** Opening DATA SHOWN block **
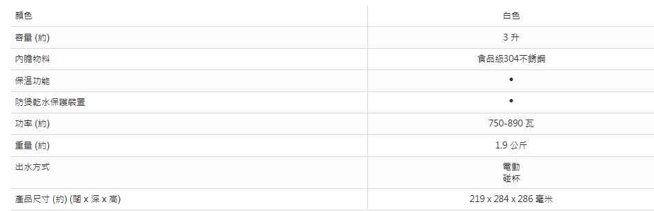 容量 / 功率 : 3升 / 750-890瓦 電動出水 / 碰杯出水 自動保溫功能 食品級304不銹鋼內膽
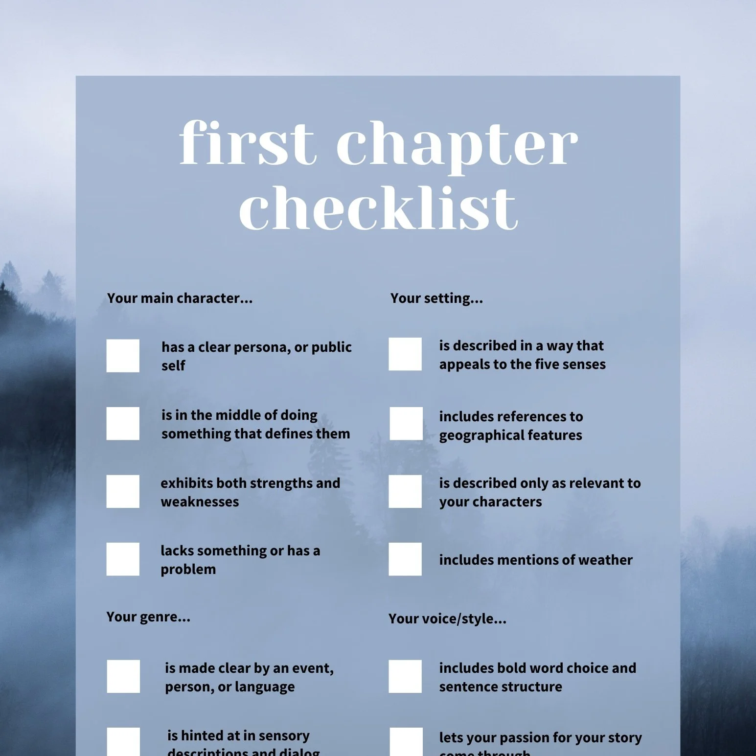 A beautiful, one-page checklist you can use for any first chapter or story opening.
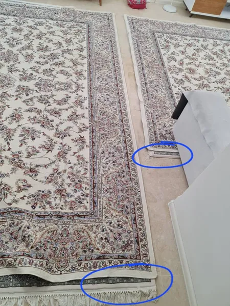 اندازه ش کوچیکه ؛ رنگ و جنس بسیار خوب. ولی همونطور که تو عکس میبینید، کامل روی فرش رو نمیگیره. دو تا ۱۲ متری گرفتم و تصورم این بود که به عنوان رو فرشی، یه ۱۰ سانت اضافه داره تا ۵ سانت از هر طرف بپوشونه فرش رو. اما ۱۵ سانت کم داشت! به علاوه مثلا میشد مثل ملافه، لبه هاش کش باشه تا به فرش فیکس بشه ولی هیچ مکانیزمی برای فیکس شدن رو فرش نداره. من بچه کوچیک دارم و این فیکس نشدن لبه ها برای من مشکل ساز میشه، ولی نه انقدر که مرجوع کنم
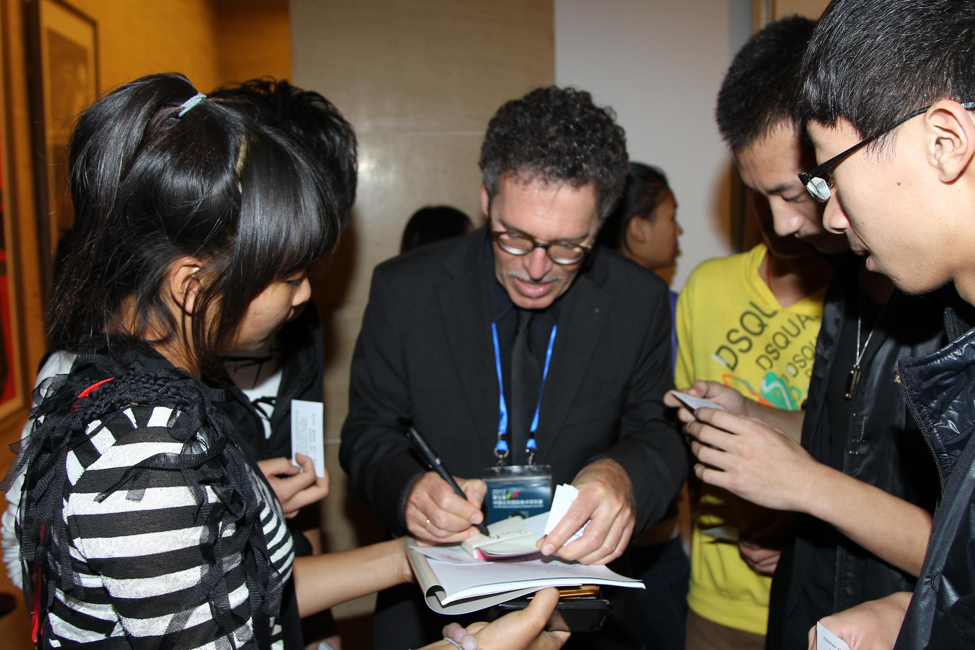Elmar Peintner bei der Beijing International Art Biennale beim Schreiben von Autogrammen
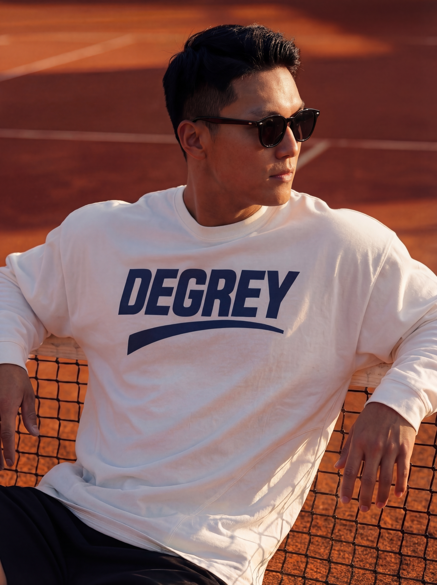 Áo Thun tay dài màu WHITE logo Degrey màu NAVY kiểu dáng rộng raglan - OVSTADATRANG
** Closing DATA SHOWN block **
» **ABOUT THIS EXERCISE**:
Pictures are not part of the answer, which must be the exact lines from the one holding "اندازه ش کوچیکه" through the end of the material, both ends included.

» **RESULT OF THIS TASK**:
 اندازه ش کوچیکه ؛ رنگ و جنس بسیار خوب. ولی همونطور که تو عکس میبینید، کامل روی فرش رو نمیگیره. دو تا ۱۲ متری گرفتم و تصورم این بود که به عنوان رو فرشی، یه ۱۰ سانت اضافه داره تا ۵ سانت از هر طرف بپوشونه فرش رو. اما ۱۵ سانت کم داشت! به علاوه مثلا میشد مثل ملافه، لبه هاش کش باشه تا به فرش فیکس بشه ولی هیچ مکانیزمی برای فیکس شدن رو فرش نداره. من بچه کوچیک دارم و این فیکس نشدن لبه ها برای من مشکل ساز میشه، ولی نه انقدر که مرجوع کنم
Elmar Peintner bei der Beijing International Art Biennale beim Schreiben von Autogrammen
 Áo Thun tay dài màu WHITE logo Degrey màu NAVY kiểu dáng rộng raglan - OVSTADATRANG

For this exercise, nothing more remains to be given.